AMD64 still has a lot of baggage, but modern compilers generally aren’t going to issue instructions that do not perform well on modern processors, so a lot of the baggage is just sitting in microcode and never used unless you run some really old code. I suspect that a lot of AMD64 and ARM instruction streams would actually look very similar due to AMD64 compilers using the highest performance instructions to get the job done.
Actually, this cannot be any farther from the truth.
As others have said, Windows and Linux, in general are shipped with very generic libraries to cover a wide gamut of processors from much more than 10 years ago.
The compiler, although it can emit code for newer processors, is however being used to target the lowest common denominator.

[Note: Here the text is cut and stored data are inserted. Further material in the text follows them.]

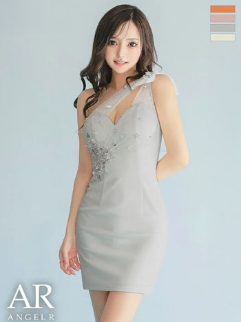 キャバドレス Angel R エンジェルアール フラワー チュール ワンショルダー リボン メッシュ ビジュー タイトミニドレス
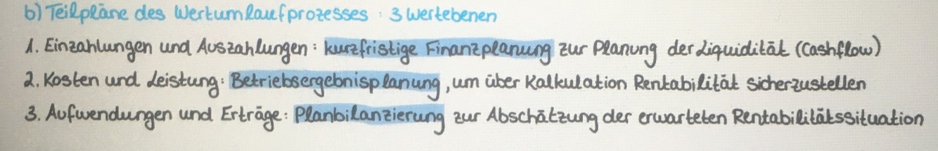 Teilpläne des Wertumlaufprozesses
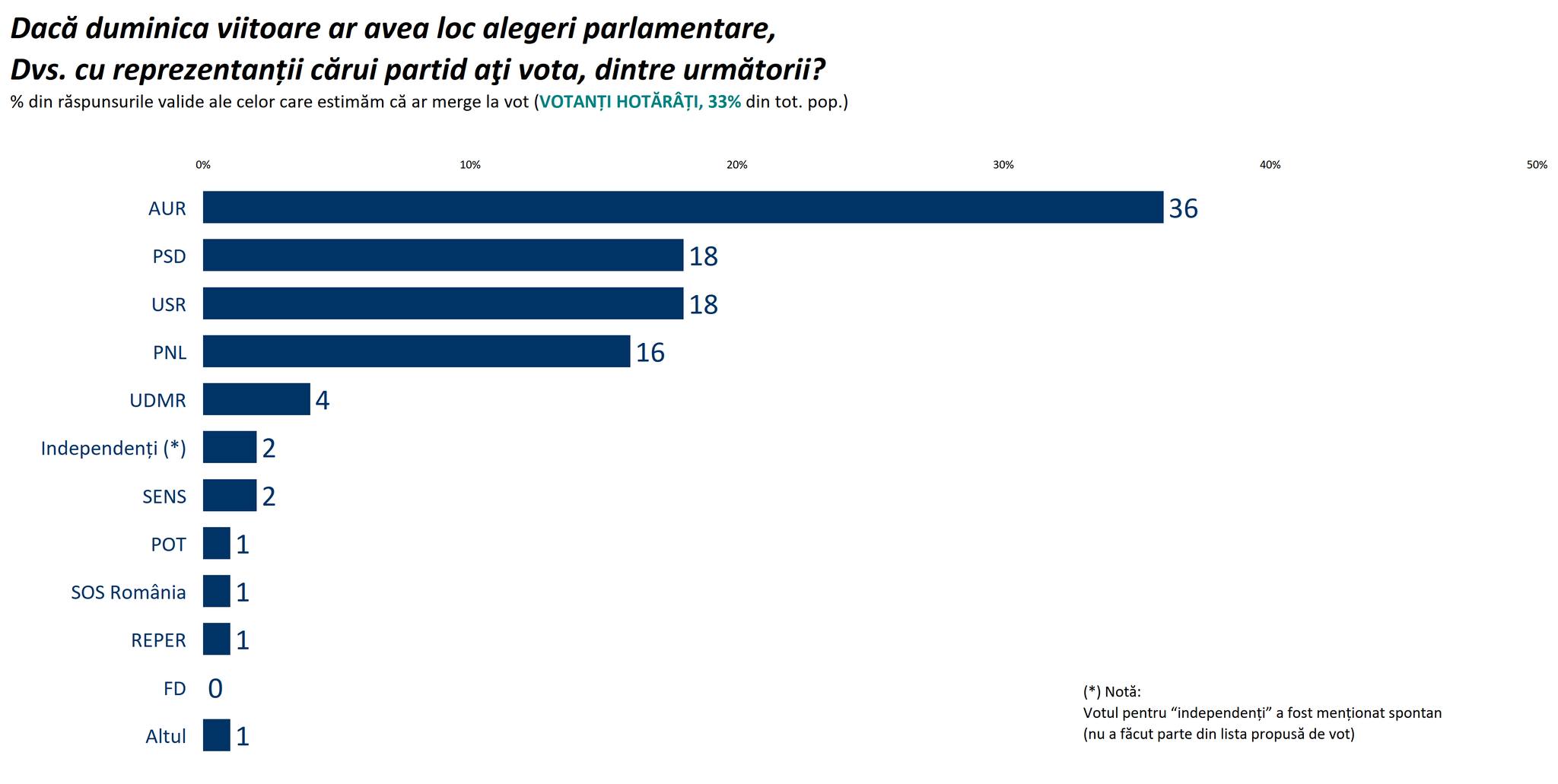Un sondaj realizat de Sociopol, în perioada 26 martie – 4 aprilie 2026, arată că AUR se menține detașat în fruntea intenție la vot, în cazul unor alegeri parlamentare.
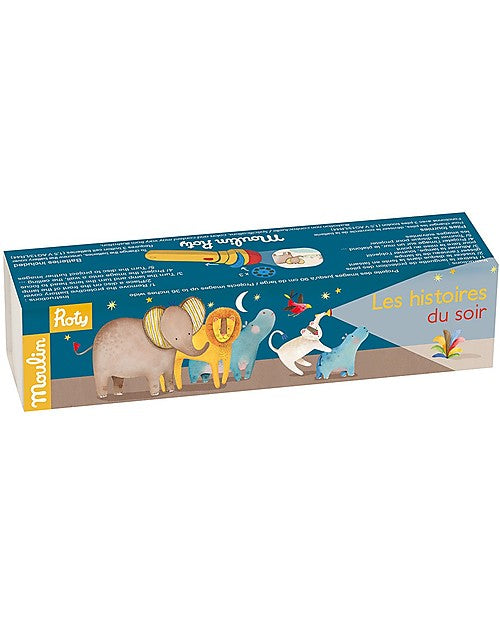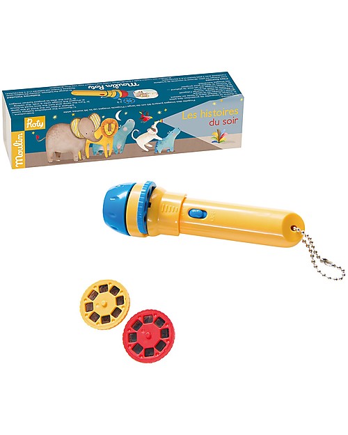 Sogna e crea con la Torcia Proietta Storie della Buonanotte di Moulin Roty! Un divertente gioco di luci come le diapositive di una volta, per raccontare l'avventura di "Les Papoum" e far viaggiare la fantasia dei bimbi prima di addormentarsi. Cambia storie, inventa storie e sogna: monta tre dischi con diverse immagini e vivi una magica avventura!
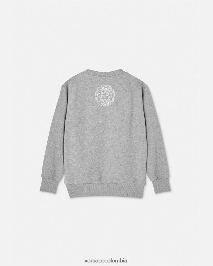 Una versátil sudadera de algodón de manga larga con un motivo infantil con el logo de Versace en el pecho y un motivo de Medusa en la espalda.
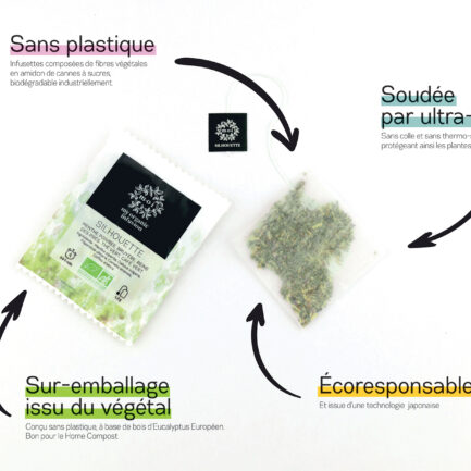 Notre conscience environnementale et notre exigence se retrouvent dans nos packaging. Nos infusettes sont sans plastique, composées de fibres végétales en amidon de cannes à sucres soudées par ultra sons, sans colle. Le sur-emballage est issu du végétale, conçu sans plastique, à base de bois d’Eucalyptus Européen. Bon pour le Home Compost.Mais pourquoi notre infusion Silhouette bio est sans arôme ajouté ?

AMD and Intel are generally very slow to update compilers because the old code would run on the new processors no problem.
This is one of many reasons many companies would be running their own distro so that they can extract performance out of their machines in their data centers.

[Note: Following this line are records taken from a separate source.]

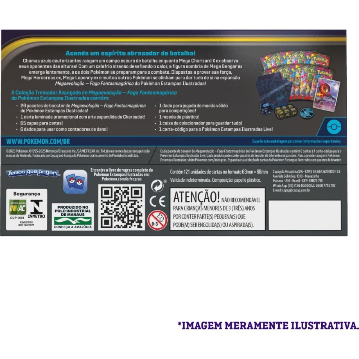 Chamas Azuis cauterizantes rasgam um campo escuro de batalha enquanto Mega Charizard X ex observa seus oponentes das alturas! Com um calafrio intenso desafiando o calor, a figura sombria de Mega Gengar ex emerge lentamente, e os dois Pokemon se preparam para o combate. Dispostos a provar sua forca, Mega Heracross ex, Mega Lopunny ex e muitos outros Pokemon se alinham para dartudo de si na expansao Megaevolucao — Fogo Fantasmagorico do Pokemon Estampas Ilustradas"
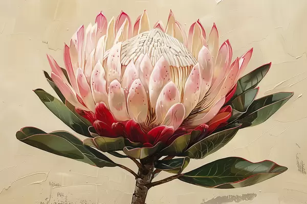 Poster Floare Protea, desen acrilic, floral, culori naturale moi Nr f39780
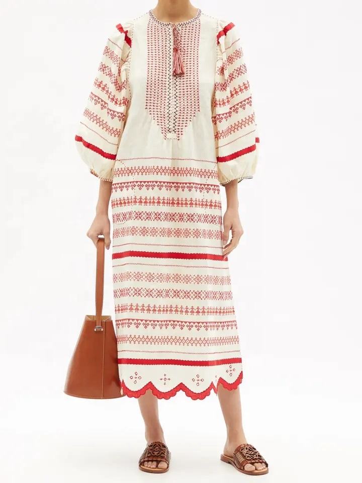 Women White Ukrainian Cotton Summer Maxi Dress With Embroidery Full Sleeve Dress for Summer Party Favour
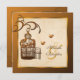 This autumn wedding invitation on basic paper has a pair of copper foil look love birds and an ornate FAUX rusted look iron bird cage on a subtle floral background. If you require any matching items in this design, email your request to niteowlstudio@gmail.com.
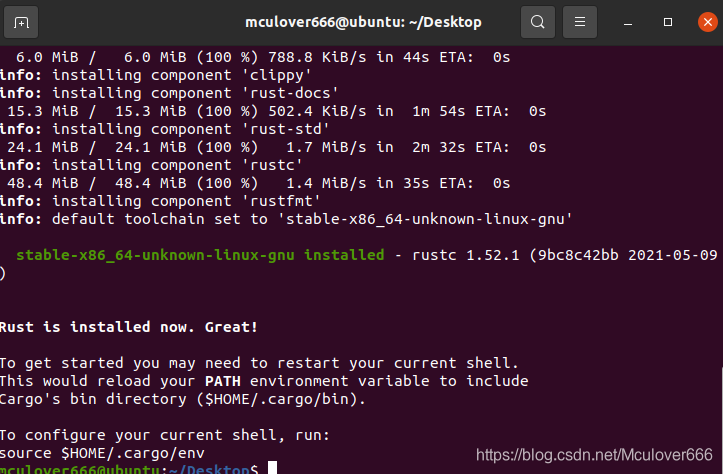 因为rust安装过程中修改了环境变量,所以需要使环境变量生效:
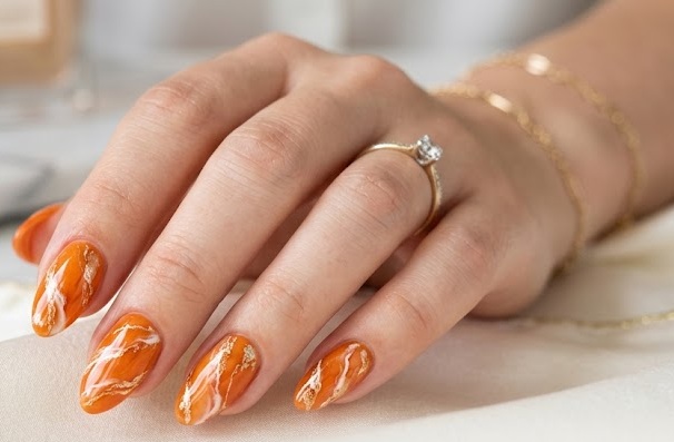 Orange marble nails bring a luxurious, artistic touch to your manicure. This design mimics the natural stone effect by blending orange with white, nude, or gold veins to create a fluid, swirling pattern. Each nail looks unique, making it feel like wearable art. The glossy finish enhances the marble effect and gives a high-end salon vibe. This design works beautifully for formal events or when you want something sophisticated yet eye-catching.
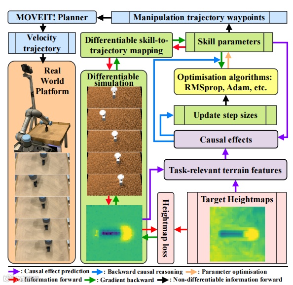 针对上述困境,研究团队提出Celebi’s Choice(简称 Celebi)—— 一种融合因果分析与可微分仿真的颗粒材料操作技能优化框架。该框架借鉴 “Celebi” 的神话寓意(象征 “先知” 与 “精准预判”),通过因果分析识别技能参数与任务结果的核心关联,实现自适应梯度调整;同时依托高保真可微分仿真建模颗粒动力学,最终达成 “高效收敛、精准操作、强跨域迁移” 的目标,为颗粒材料操作技术的工程化落地提供新路径。

Look at OpenSSL, if you want top performance on a modern machine you need to recompile so that you can take benefit of AES instructions on new processors.
Look at Linux netfilter, if you want orders of magnitude gain in performance you recompile with AVX.

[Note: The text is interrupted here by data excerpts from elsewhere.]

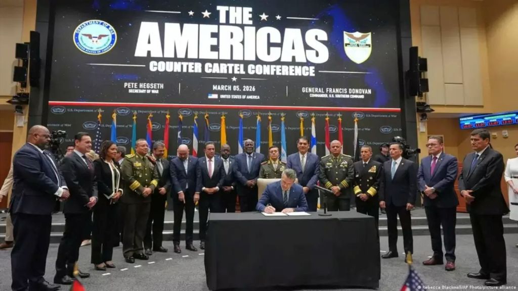 Previo a la cumbre, el secretario de Defensa de Estados Unidos, Pete Hegseth, visitó el Comando Sur, responsable de las operaciones militares estadounidenses en América Latina, donde participó en una reunión denominada Conferencia Anticartel de las Américas.
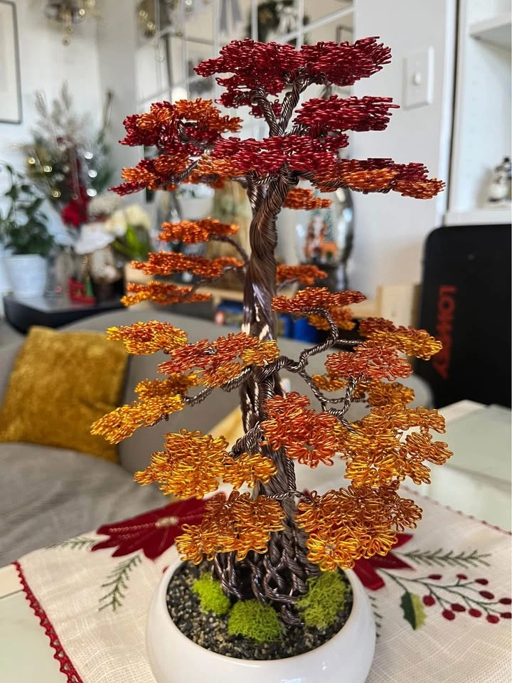 Add a touch of fall to your space with this stunning handmade bonsai in warm copper and gold tones. A one-of-a-kind art piece that brings autumn’s beauty indoors!
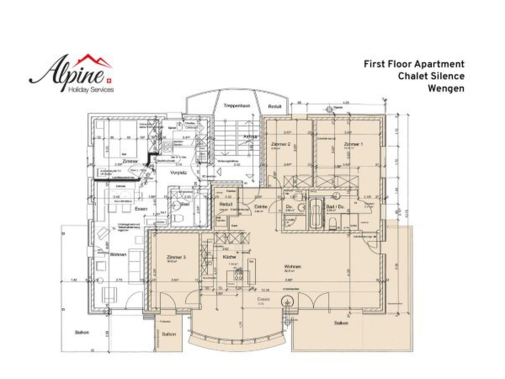 DescriptionThis spacious 105 square metre apartment at Chalet Silence offers fantastic accommodation for up to 6 guests, featuring 3 well-appointed bedrooms with a mix of king-size and individual beds.The apartment boasts a thoughtfully furnished interior with modern amenities to ensure a comfortable stay. The kitchen is fully equipped with high-end appliances including a glass-ceramic hotplate, fridge, freezer, oven, dishwasher, coffee machine, and essential kitchenware. Guests will appreciate the convenience of a washing machine and dryer, as well as a toaster and kettle.Enjoy breathtaking mountain views from the private balconies, perfect for morning coffee or evening relaxation. The living space features central heating to keep you warm during cooler mountain evenings, and complimentary WiFi ensures you stay connected. The apartment includes two bathrooms - one with a shower and another with a bathtub - providing ample convenience for all guests.Located just 450 metres from a Coop Supermarket, 490 metres from the Wengen Train Station, and 530 metres from the ski slopes, this property offers is ideal for mountain enthusiasts and explorers looking to experience the stunning Swiss mountain landscape. Complimentary use of the Central Sport ski, board and boot depot. The depot is located adjacent to the Männlichen cable car within the shop and offers places for more than 1,000 skis, boards and boots. The depot is supervised and is open at the same time as the shop. Every depot space is numbered and a boot drying system is installed. Central Sport Rent-Discount & Shopping Card (10% discount on rentals, 10% discount on purchases for transactions over CHF 200.-) Ski Set Rent-Discount (20% discount on rental equipment) Molitor Sport Rent-Discount (15% discount on rental equipment)Mandatory or included services:Bed linen : IncludedFinal Cleaning : IncludedHeating : IncludedInternet Access : IncludedSecurity Deposit (refundable) : CHF 300.00 /bookingSki Board & Bootdepot Central Sport : IncludedTowels : IncludedWelcome Amenities (Slippers, Hotel Cosmetics, Toilet Paper, Dishwasher Tablets, Bin Bag) : IncludedOptional services:Baby high chair : CHF 15.00 / dayCot/Crib : CHF 10.00 / dayFirewood : CHF 50.00 /bookingJungfrau Travel Pass (Adult) 3 days : CHF 210.00 /personCheck-in schedule:1.1-31.12 from 16:00 to 00:00, Monday, Tuesday, Wednesday, Thursday, Friday, Saturday, SundayCheck-out schedule: 10:00

This is what we do and I am certain most other big companies do.
If you use some infrastructure from Azure, They have their own distro. They are not using some generic Ubuntu distro, even though if you wish you could still do.
Windows is nerfed on a next level, you cannot recompile it and you are at the mercy of Microsoft.
If you look at Android, the OEM compiles the system libraries and the kernel using highly tuned options and extract best performance out of the processor because they own the HW and the SW.
During OTA the /boot, /vendor are always updated by OEM which means best case performance. AOSP updates are also compiled by OEM and delivered via OTA to update the /system
Apps made by third party are java based and are not influenced by the compiler options.
You can bet Apple does the same. I would even go far as to suggest they would not mind nerfing old HW in order to support current products.
.NET 6 has a chance of redeeming itself if the AOT can JIT the IL code to match the native arch, but thats probably stretching it a bit too far. But nevertheless I am excited about .NET 6 AOT.
MS has to make a new OS every few years and set the minimum requirements. But then again that has never been the MO for both Windows and Linux.